With dat you have: - urls to individual files, with the understanding that they will change over time - built-in encryption and non-repudiability of every change - storage wherever you want, no peer is more important than any other

networkimprov 6 years ago
The Dat protocol is remarkably complex. [1]
Shared object updates should be deliverable by any protocol that works for a specific application, whether client/server, peer-to-peer, or store-and-forward.
[1] https://datprotocol.github.io/how-dat-works/
- rakoo 6 years ago
  
  It is complex if you compare it to, say, a simple cp to another system, but for all the features it has (and don't feel optional at this point) it is remarkably easy to grasp. The BitTorrent protocol is extremely straightforward, and dat clearly takes inspiration from it and build on top of it. Perhaps I'm to use to it and see the increment as too small, though.
- pfraze 6 years ago
  
  It is, but the internals of any filesystem or database will be complex. That doesn't make them difficult to use.
keybits 6 years ago

Dat is mentioned in the OP article[0]: the authors have built on top of hypercore[1] (part of the Dat project) to make Hypermerge[2]
[0] https://www.inkandswitch.com/local-first.html#crdts [1] https://github.com/mafintosh/hypercore [2] https://github.com/automerge/hypermerge

OkGoDoIt 6 years ago

At least the calendar aspect of this has existed for over a decade. Similarly there are standardized protocols for handing sever-based contact lists and email and chats. Sure most of those protocols are crappy but you’ll just use a library anyway so that’s not an excuse. The problem is not on the technical side. Basically all the big providers have decided a walled garden is the best long term strategy and have been dropping support for any standards-compliant data sharing.

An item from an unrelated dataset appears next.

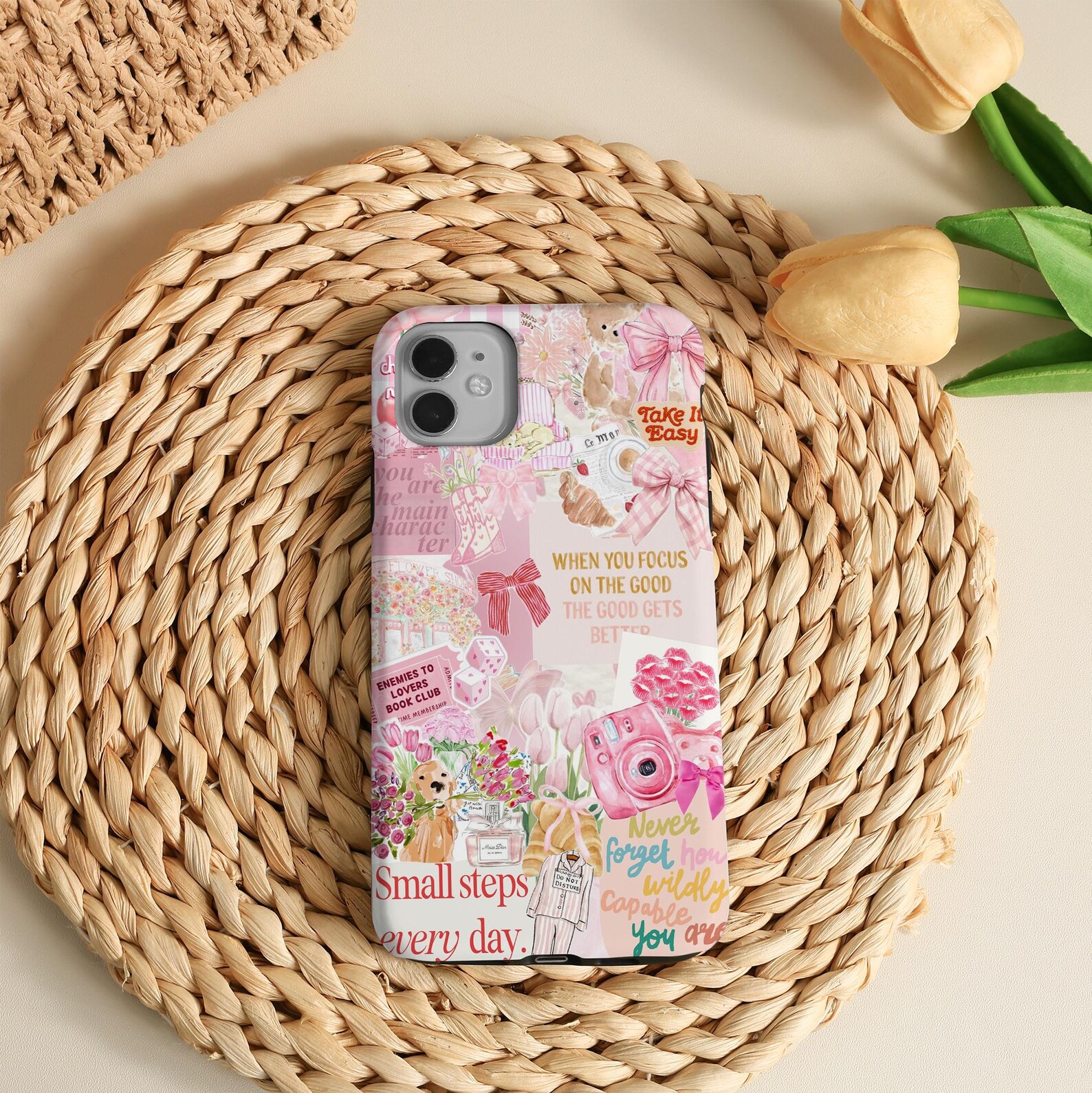 Embrace a playful and uplifting vibe with this charming pastel collage phone case. Featuring an array of cute graphics, including bows, flowers, and motivational quotes, this design combines soft pink hues to create a joyful aesthetic. Made from durable material, it offers a matte finish that enhances grip while protecting your phone. Perfect for those who appreciate unique styles and vibrant expressions.

14 years ago I was syncing my contact lists from my personal server to a flip phone over vCard format (I think? Don’t remember exactly, but the contacts equivalent of CalDAV). Nowadays you either need to oAuth into Google or whatever other centralized provider a user might have, with whichever proprietary API they may or may not give you access to.

As with so many other things, a shiny new technical solution won’t change the reality that big companies are not incentivized to support interoperability.

tgragnato 6 years ago

Apple support for CalDAV and CardDAV is in a good shape. The sync mechanism isn’t as good as the native integration with iCloud, but I see it’s related to the protocol.

Vinnl 6 years ago

I'm not sure about the CDRT part, but otherwise I think Tim Berners-Lee's new SOLID project ticks those boxes? https://solid.inrupt.com/

(Except the encryption, I think.)

donavanm 6 years ago

I really get the motivation. And id pay both convenience and money. But whats the business model, or why would the existing user data silo megacorps ever want to interoperate? Or is it just a new old third way of self hosting for the motivated minority?

feanaro 6 years ago

If it's easy enough and faced with the ever-growing concern with surveillance and dark patterns, it might not only be the minority that is motivated.

pdonis 6 years ago

> We need a standard protocol for "data that changes over time".

This already exists: it's called a DVCS.

josephg 6 years ago

DVCS focus exclusively on files rather than JSON (or whatever). They’re diff-based rather than operation based. They aren’t designed to work in a real-time manner. They require humans to fix merge conflicts. (Even many trivial ones). They store every change for all time (and require that you do so by design). And commits are a heavyweight operation. If you made a git commit for every keystroke, git would struggle. Also the network protocols aren’t published, and usually aren’t designed to work over websockets / etc for web apps.
We need something like a dvcs, but not exactly that.